O planejamento de cada uma dessas disciplinas para a educação financeira é único
ou diferenciado?

Os projetos são bem completos, tem anexos, fichas e diferentes aplicações para cada disciplina. O professor de matemática vai ter um planejamento totalmente diferente do professor de português, de geografia ou de história. O aluno de matemática vai aprender operações de frações e conceitos básicos de educação financeira. Em geografia, o projeto trabalha os impactos do processo de industrialização e da produção; circulação e consumo de mercadorias; meio ambiente e distribuição de riqueza, por exemplo. O intuito é despertar no estudante o interesse de participar ativamente da comunidade e de identificar questões financeiras da população, desenvolvendo o exercício da cidadania com consciência social e responsabilidade fiscal.

E quando foi feito o treinamento dos professores no projeto-piloto?

Durante o segundo semestre do ano passado e neste ano. O curso de finanças pessoais fica à disposição dos professores, não é obrigatório.

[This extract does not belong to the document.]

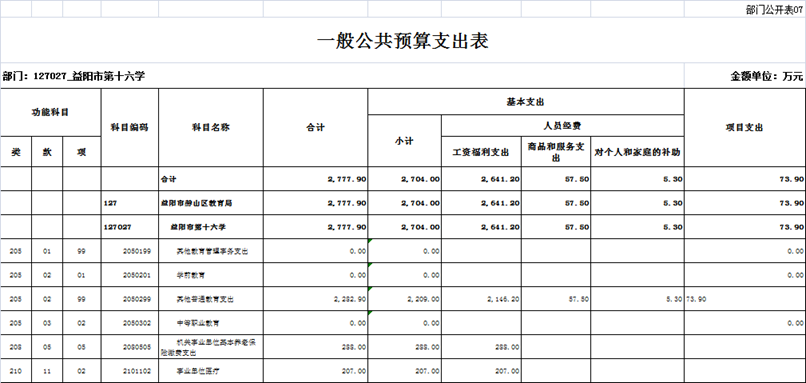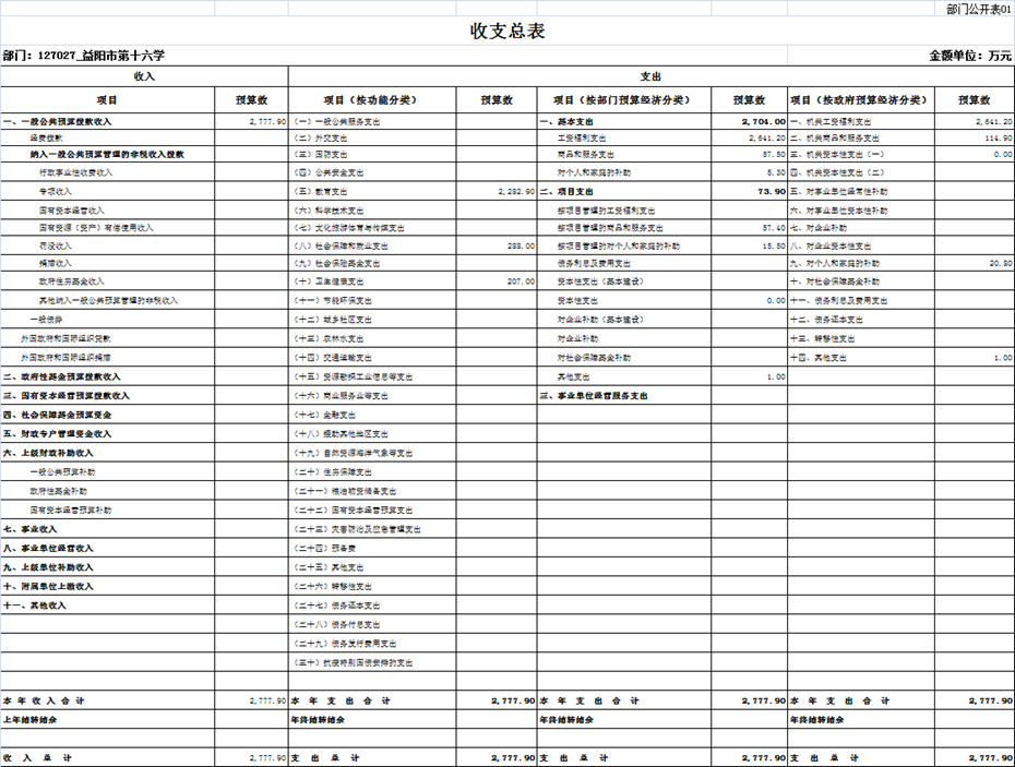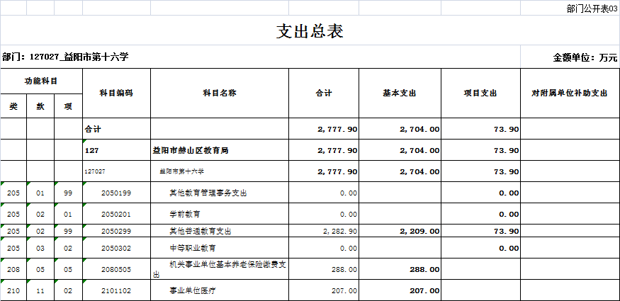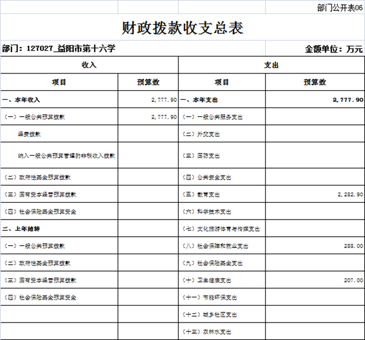 益阳市第十六中学部门决算

Claro que ajuda a ensinar, porque o próprio professor se sente mais confortável na relação pessoal com o dinheiro. Os cursos obrigatórios para começar a aplicar os projetos, normalmente, são feitos no início do semestre letivo. O que os professores e as escolas precisam fazer é se cadastrarem na plataforma para terem acesso ao programa. Finalizamos, no dia 31, a primeira fase de expansão nacional para todas as escolas do Brasil. Uma segunda fase será aberta no fim do ano com vistas ao ano letivo de 2022.

Quem precisa aderir ao programa? O professor ou o diretor da escola?

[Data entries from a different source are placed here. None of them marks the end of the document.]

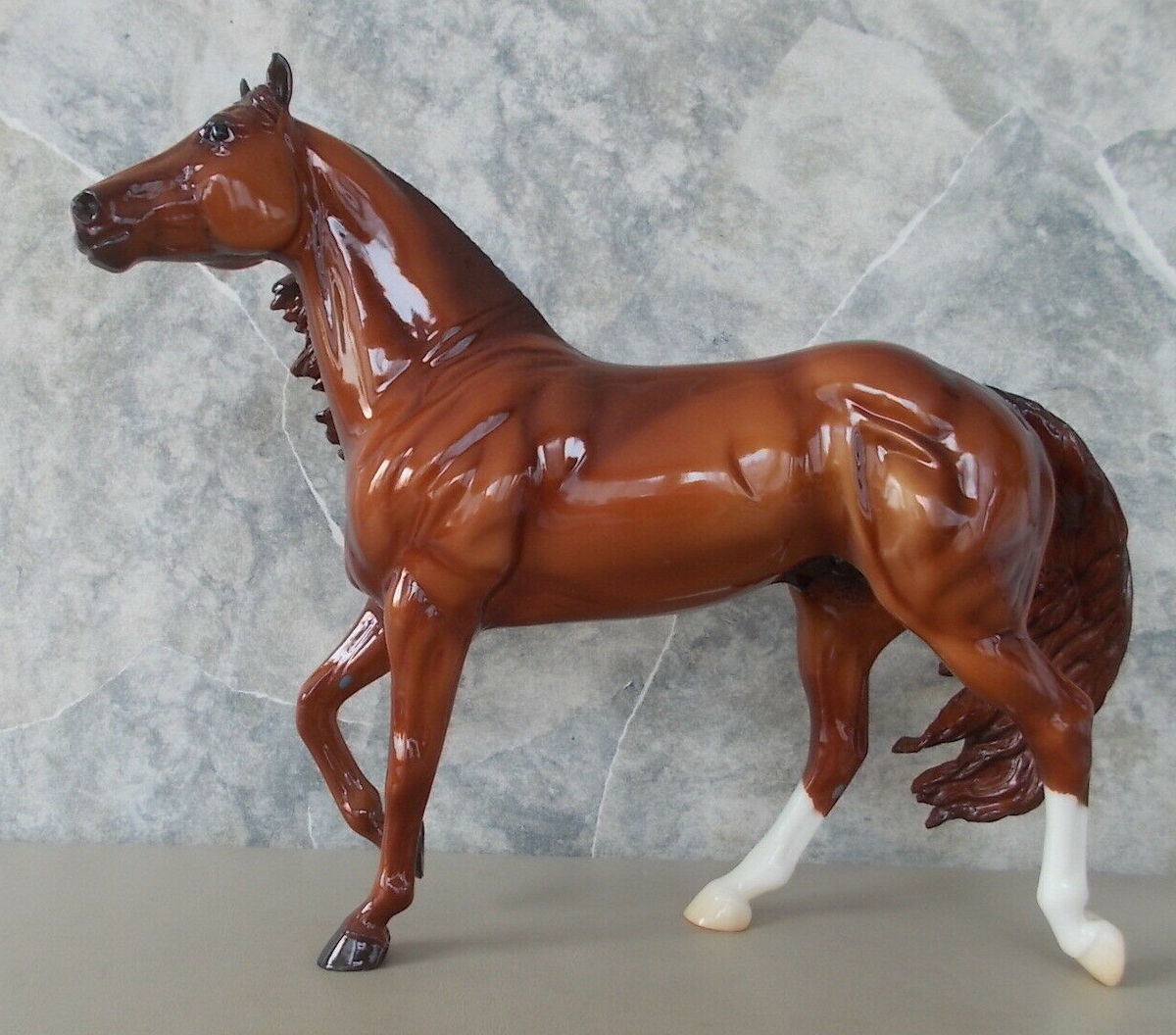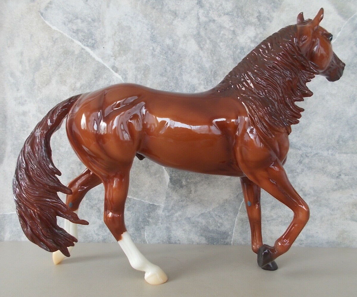 Glossy red chestnut; stripe, 2 hind socks; Tractor Supply TSC SR; 1/3000
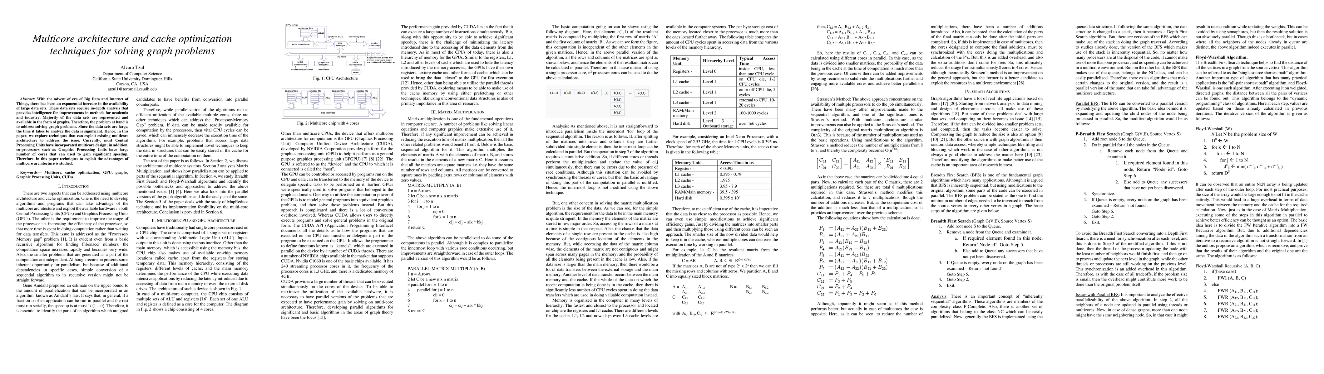 With the advent of era of Big Data and Internet of Things, there has been an exponential increase in the availability of large data sets. These data sets require in-depth analysis that provides intelligence for improvements in methods for academia and industry. Majority of the data sets are represented and available in the form of graphs. Therefore, the problem at hand is to address solving graph problems. Since the data sets are large, the time it takes to analyze the data is significant. Hence, in this paper, we explore techniques that can exploit existing multicore architecture to address the issue. Currently, most Central Processing Units have incorporated multicore design; in addition, co-processors such as Graphics Processing Units have large number of cores that can used to gain significant speedup. Therefore, in this paper techniques to exploit the advantages of multicore architecture is studied.
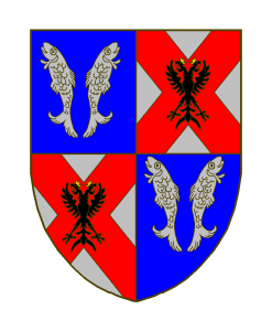 Écartelé, au I et au IV d’azur à deux barbeaux adossés d’azur, au II et III d’argent au sautoir de gueules, chargé d’une aigle impériale de sable couronnée d’or.
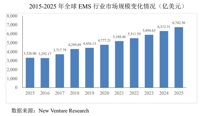 从New Venture Research 2020年度EMS行业报告中得知,2016至2020年,EMS行业市场规模发展较快,由3292.17亿美元增长至4777.21亿美元,平均年化增长率为9.75%,2025年的市场规模将达到6742.56亿美元。
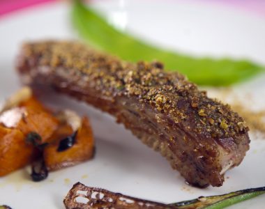 Costelinha suína em crosta de pistache e mel de eucalipto
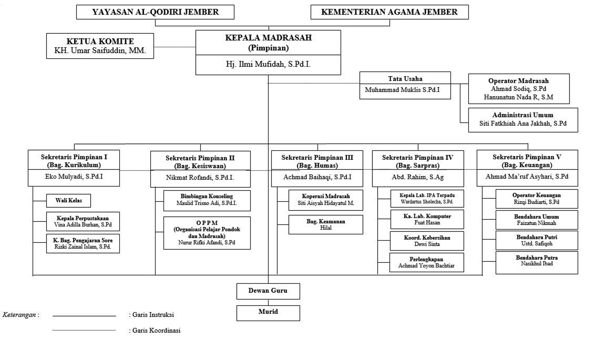 Struktur organisasi MTs. "UNGGULAN" AL-QODIRI I JEMBER dirancang untuk mendukung pencapaian tujuan sekaligus membuka peluang pertumbuhan di masa depan
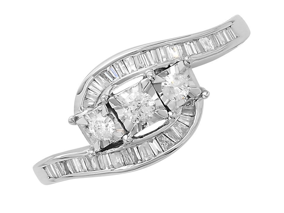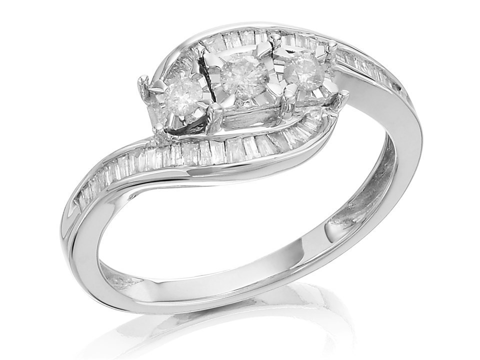 9ct White Gold Twist Diamond Trilogy Ring - 30pts - d72121
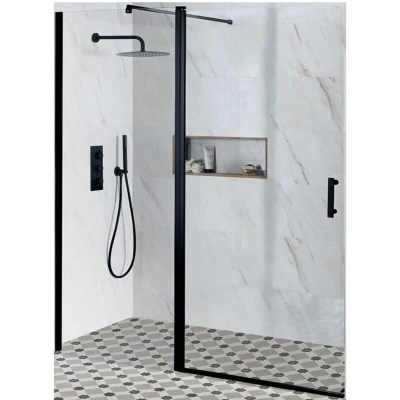 General description Accentuate the stylish look of your bathroom with the Milano Nero hinged frameless shower door and fixed inline panel. This minimalist design features a matte black aluminium profile that adds a contemporary touch while ensuring strength and durability. Technical specifications Material: 6mm toughened safety glass Profile: Matte black aluminium Door height: 1950mm Dimensions: 1300mm x 1950mm Hinged door width: 900mm Fixed panel width: 400mm Door entry width: 817mm Compatibility and accessories Compatible with a shower tray or wet room drain Other information Certified to EN14428 and EN12150-2 standards This product is covered for 10 years
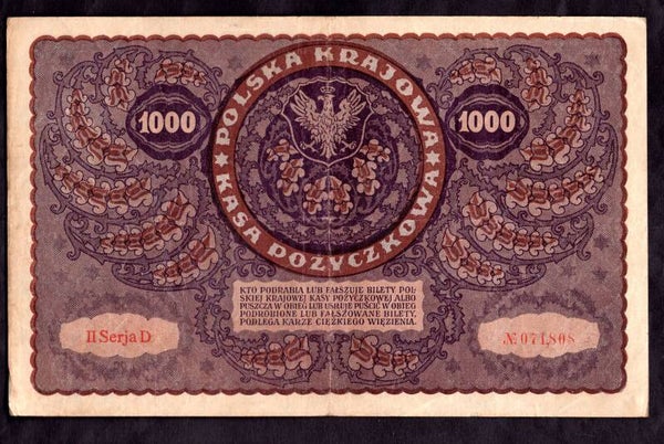 Poland. 1,000 Marek 071,808 Crisp NVF. dy23718
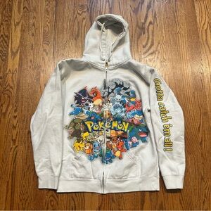 Rare Vintage Pokemon Full Zip Hoodie 2008 Anime Kanto Sz Small White Pikachu

O professor é a peça-chave. Ele pode cadastrar a sua turma e seus alunos. Claro que, se o diretor cadastrar a escola como um todo, outros professores vão ter acesso, e o movimento se torna mais rápido. Estamos tendo uma resposta muito boa. No projeto-piloto, tínhamos seis unidades da Federação. Hoje, na expansão nacional, só falta um estado, Rondônia, ter escola cadastrada. E de 14 mil alunos, inicialmente, já tivemos uma expansão para mais de 180 mil. Em número de municípios, já estamos com 1.082. E passamos de 429 escolas para 5.613.

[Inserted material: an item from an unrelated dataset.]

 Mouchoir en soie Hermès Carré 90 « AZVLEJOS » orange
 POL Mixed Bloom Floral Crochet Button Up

Qual é a meta para esse projeto?

Como nunca fizemos um projeto tão ambicioso, não tínhamos parâmetros para colocar metas. Mas o objetivo, no fim do projeto, é estar em todos os estados e ter uma quantidade representativa dos 22 milhões de alunos no país. Vamos comemorar quando passarmos de 1 milhão de alunos, e esperamos que isso ocorra no ano que vem. O projeto dura quatro anos, porque, nesse período, vamos conseguir concluir os projetos educacionais, mas a gente não vai sair das escolas. A gente não vai retroceder. A educação financeira veio para ficar. Vai ser uma ação permanente do Banco Central.

Diante do aumento expressivo nas adesões, é possível dizer que o interesse pela educação financeira é crescente no país? O brasileiro não tem tradição de cuidar das finanças pessoais.

O período de descontrole inflacionário nas décadas de 1970 e 1980 não ajudou muito a formar a capacidade de planejamento financeiro no brasileiro. Era sempre tudo muito atropelado. Mas temos visto um movimento grande de ações de educação financeira, de influenciadores digitais e canais voltados para esse assunto. Acho que é o momento de alavancarmos o conhecimento do cidadão em educação financeira, que é para a vida inteira. Todo dia você se relaciona com dinheiro. Uma das coisas que mais estressam o cidadão é quando eles têm uma relação negativa com o dinheiro e está em situação financeira desconfortável.

Aliás, as famílias estão cada vez mais endividadas. Conforme dados do Banco Central, o endividamento total das famílias chegou a 58,5% da massa salarial.

É preciso interpretar essa questão, porque existe endividamento bom e ruim. O bom é quando a família tomou crédito para comprar imóvel, está pagando e dentro da renda e construindo um patrimônio. Mas é preciso evitar tomar crédito errado. Se endividar em crédito rotativo para consumo é uma das piores decisões financeiras que alguém pode tomar. Por isso, o foco do Programa Aprender Valor está no princípio básico Pla-Pou-Cré. Pla de planejamento, pou de poupança e cré de crédito, para saber como utilizar os produtos financeiros de forma correta. A gente não quer apenas levar conhecimento para as crianças, mas mudar o comportamento delas para que tenham uma relação mais saudável com o dinheiro.